New York sugar ends at 19-month low

31 Mar, 2007

Raw sugar reeled from speculative and trade sales to finish on Thursday at its lowest level in 19 months and bearish fundamentals may drag prices even lower in the weeks ahead, brokers said. New York Board of Trade's May raw sugar contract settled down 0.27 cent or 2.6 percent at 9.85 cents per lb after trading from 9.83 to 9.99 cents.
For the first time since August 2005, the benchmark sugars contract closed below the psychologically vital 10-cent level. That was the time before the market embarked on a furious rally that hoisted sweetener values up a 25-year peak of 19.73 cents on February 3, 2006. July lost 0.24 to 9.96 cents and the rest retreated 0.16 to 0.21 cent. On the Intercontinenal Exchange NYBOT electronic platform for sugar, the May contract slid 0.27 cent to 9.85 cents by 1:27 pm EDT (1527 GMT).

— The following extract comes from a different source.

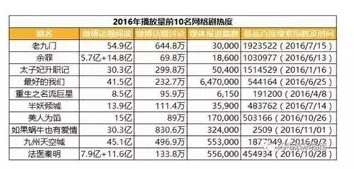 2016年播放量前十名的网络剧讨论热度排行看得出来,不仅播放量高,相关剧情的话题也是热度不断,这得益于网剧行业的大势所趋,同样也少不了这些视频网站本身擅用网络营销手段等因素。
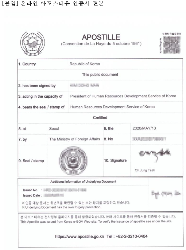 ※ 아포스티유 인증서는 온라인을 통해 발급 시 무료로 이용 가능

"Once (May) fell below 10 (cents,) there was nothing to hold it up. You have Brazil's harvest coming up and there's news India's government will do something to help export sugar. That can only mean bad news for the market," a long-time floor analyst said.
Top producer Brazil is set to start harvesting a massive cane crop from its center-south region. On the other hand, India Farm Minister Shared Pawar said in New Delhi the government had approved a package of incentives for sugar mills, including a 2.0 million tonne buffer, to step up exports from the country's likely bumper cane crop.
India is set to churn out 25 million tonnes of sugar in the current season ending in September, up 30 percent from the previous year. Sugar was hit by successive waves of speculative and trade sales from the bell in open-outcry dealings and automatic sells orders kicked in once the May contract slid below 10 cents, dealers said.
"It looks like we're going to see 9.00 (cents) before long," one said. Technicians put support for the May contract in the open-outcry pit at 9.80 and 9.50 cents, with resistance at 10 and 10.50 cents. Open interest in the No 11 raw sugar market rose 59 lots to 654,810 contracts as of March 28.
Open-outcry volume traded around noon stood at 17,865 lots, from the prior open-outcry count of 15,868 lots. Call volume was 15,469 lots and puts at 14,825 lots. NYBOT said on Wednesday's electronic trade were 44,605 lots and total volume 60,473 lots.
The ethanol market was untraded. US domestic sugar prices ended mixed. The May contract edged up 0.01 to 21.06 cents per lb and July shed 0.03 to 20.89 cents as well. The rest ranged from 0.24 cent lower to 0.07 cent firmer. The electronic No 14 sugar market saw its May contract ease 0.01 cent to 21.04 cents at 1:28 pm.